This Aug. 23, 2011, photograph shows Staff Sergeant Robert Bales, left, at the National Training Center in Fort Irwin, Calif.

In 2007, U.S. Army Staff Sergeant Robert Bales participated in a bloody two-day battle in Iraq in which 250 enemy troops died. After the bullets stopped flying, he and his comrades pitched in to assist the wounded and their families. "We ended up helping the people that three or four hours before were trying to kill us," Bales recounted for the Northwest Guardian, the official newspaper of Joint Base Lewis-McChord, near Tacoma, Wash., where he is a soldier in the 3rd (Stryker) Brigade, 2nd Infantry Division. "I think that's the real difference between being an American as opposed to being a bad guy."
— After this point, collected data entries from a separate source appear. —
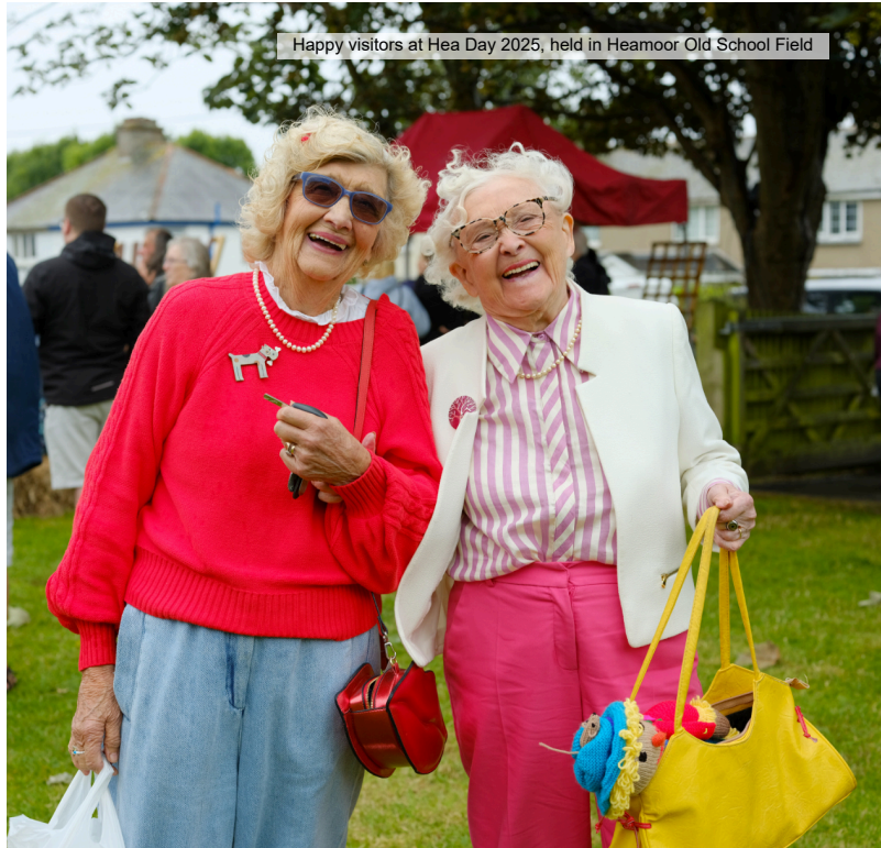
Happy visitors at Hea Day 2025, held in Heamoor Old School Field

The field has been well used by various community groups in Heamoor to host fetes and community days and we hope to continue to work collaboratively with local groups to ensure the best continued use of the space.
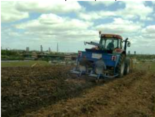
Miscanthus planter (Bical)
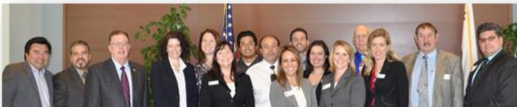
The 2013 San Bruno Chamber of Commerce Board of Directors.

Now, about five years later, much has changed. Bales stands accused of being the bad guy — allegedly stealing out of his base near Kandahar, Afghanistan, in the early-morning hours of March 11, and going house to house in search of people to kill. He reportedly found 16, setting some of their bodies aflame. Nine of the dead were children. That statistic is particularly horrifying: Bales is a father of two preschoolers, ages 3 and 4.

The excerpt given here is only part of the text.